The elimination of microorganisms is achieved through disinfection1), either by using hot water (or better steam) or chemical disinfectants (Fig. 492c). Chemical disinfectants are preferred for most applications in the meat industries as they are easy to use and do not involve the risk of accidents or other negative side effects such as damage to equipment by generating high humidity or water condensation, which may occur when using steam.
|Uncleaned (rinsed only) (a) Many bacterial colonies (white spots)||After chemical cleaning (b) Reduced numbers of bacterial colonies|
After cleaning and disinfection (c) Very few bacterial colonies remaining
Fig. 492: Effect of cleaning and disinfection on the number of bacteria
Image of impression plate samples (see page 332) taken from a meat container (plastic)
1) Disinfection in the food sector does not aim at the complete absence of microorganisms (such as sterilization of surgical instruments in hospitals), but the number of microorganisms must be substantially reduced by the process.
Best disinfection results are achieved when chemical disinfection is preceded by intensive dry/wet cleaning (see page 370, b). Disinfection without precleaning is not fully efficient as many microorganisms remain embedded in encrusted dirt, protein and fat, which cannot be properly dissolved by disinfection chemicals. Therefore microorganisms remain protected against the disinfection chemicals. Moreover, remaining protein may inactivate chemical disinfectants.
Adequate rinsing with water after cleaning and prior to disinfection is also indispensable, as chemical disinfectants may be neutralized by remaining cleaning substances. All this has to be taken into account, otherwise the disinfection procedures may be inefficient and a waste of money.
A compromise on this issue is proposed by the chemical industry by offering so called combined disinfection/cleaning agents. They are made on the basis of quaternary ammonium compounds, which have surfactant and disinfectant properties. The combined method should be considered only in cases of very little dirt contamination.

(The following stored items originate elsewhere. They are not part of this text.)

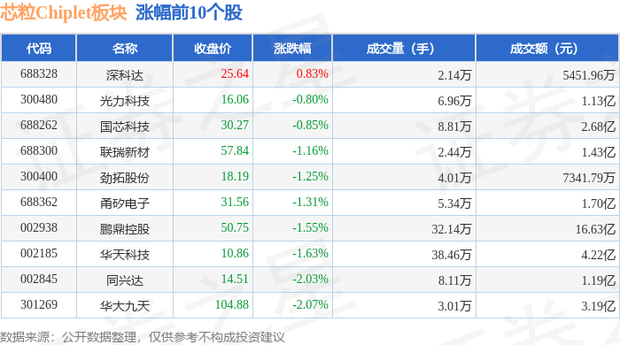 证券之星消息,12月11日芯粒Chiplet板块较上一交易日下跌2.55%,南亚新材领跌。当日上证指数报收于3873.32,下跌0.7%。深证成指报收于13147.39,下跌1.27%。芯粒Chiplet板块个股涨跌见下表:
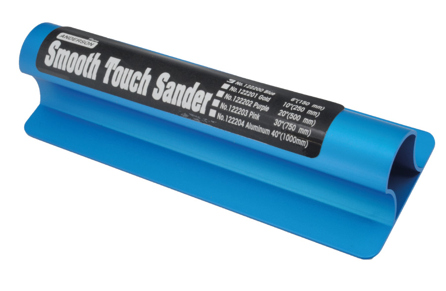 Schleifleiste 150 x 53 mm, blau eloxiert, sehr gut in der Hand liegend. Kann mit selbstklebendem Schleifpapier beklebt werden.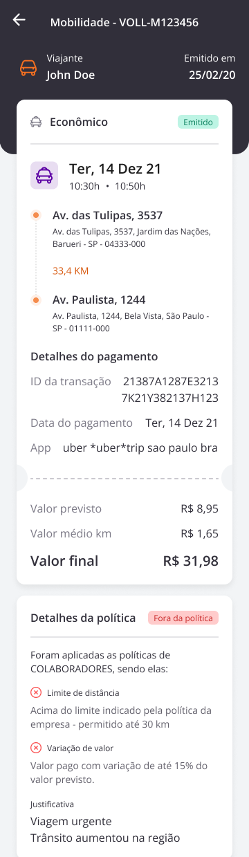 - Limite de distância no Smart Mobility: Assim como no agendamento, você pode definir um limite de quilômetros entre origem e destino. Ao ultrapassar o limite, o voucher será sinalizado como fora da política.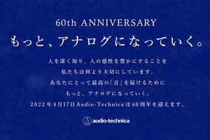 オーディオテクニカは、2022年4月17日に創業60周年を迎えるにあたり、新たな企業ブランドメッセージ「もっと、アナログになっていく。」とともに、この一年を通して様々な取り組みを展開していくと発表した。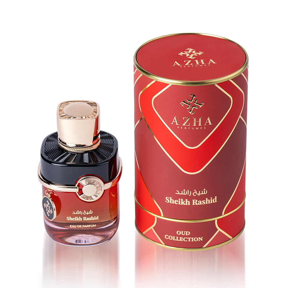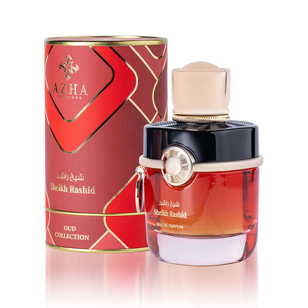 Introducing 'Sheikh Rashid' Oud, a fragrance of regal opulence. It begins with citrus and elemi top notes, offering a bright and invigorating introduction. At its heart lies the rich blend of oud and rose, exuding timeless sophistication. As it settles, the base notes of ambergris, cashmere, and cypriol create a warm and majestic aura. 'Sheikh Rashid' is a tribute to refined luxury and an ode to the allure of oud.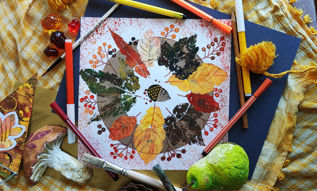 - Делаем осенний венок из опавших листьев и красок в технике монотипия

It is very important that disinfection chemicals are strictly used according to the specifications given by the suppliers. Lower concentrations and shorter impact periods than prescribed will considerably reduce the efficacy of disinfection or make it totally inefficient. Surfaces should be dried after cleaning and rinsing before starting disinfection. This is important, as the concentration of the disinfection solution would be lowered with remaining water on the surfaces and possibly ineffective when becoming too highly diluted.

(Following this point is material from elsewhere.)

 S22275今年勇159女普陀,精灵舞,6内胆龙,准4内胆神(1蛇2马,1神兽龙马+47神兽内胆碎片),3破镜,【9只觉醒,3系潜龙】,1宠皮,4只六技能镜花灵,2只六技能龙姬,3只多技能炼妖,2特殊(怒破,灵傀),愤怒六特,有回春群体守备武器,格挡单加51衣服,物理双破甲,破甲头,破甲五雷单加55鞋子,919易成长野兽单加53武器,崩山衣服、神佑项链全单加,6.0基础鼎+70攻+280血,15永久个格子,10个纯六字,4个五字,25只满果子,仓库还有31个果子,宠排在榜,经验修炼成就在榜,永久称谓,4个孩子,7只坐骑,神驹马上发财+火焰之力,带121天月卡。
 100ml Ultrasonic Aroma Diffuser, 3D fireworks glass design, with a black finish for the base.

The application of chemical disinfectants is done with stationary or mobile spraying devices. In medium or small scale meat plants, mobile spraying devices are sufficient (Fig. 493). The disinfectant is applied by means of spraying lances and manual or electrical pumps. One important rule is, that the disinfectant solution must be applied from top to bottom, i.e., first upper parts of walls, then lower parts of walls and the floor last. The same applies to equipment.
Fig. 493: Disinfection of walls by using portable spray equipment. For operatorís protection gloves and facemask are recommended.
Hot disinfectant solutions (up to 50°C) are more effective than cold ones. After application, the disinfectant solution must remain for a certain period of time on the surfaces to be disinfected as indicated in the user instructions, normally for 30 minutes. Thereafter removal of the chemicals through rinsing with potable water is needed.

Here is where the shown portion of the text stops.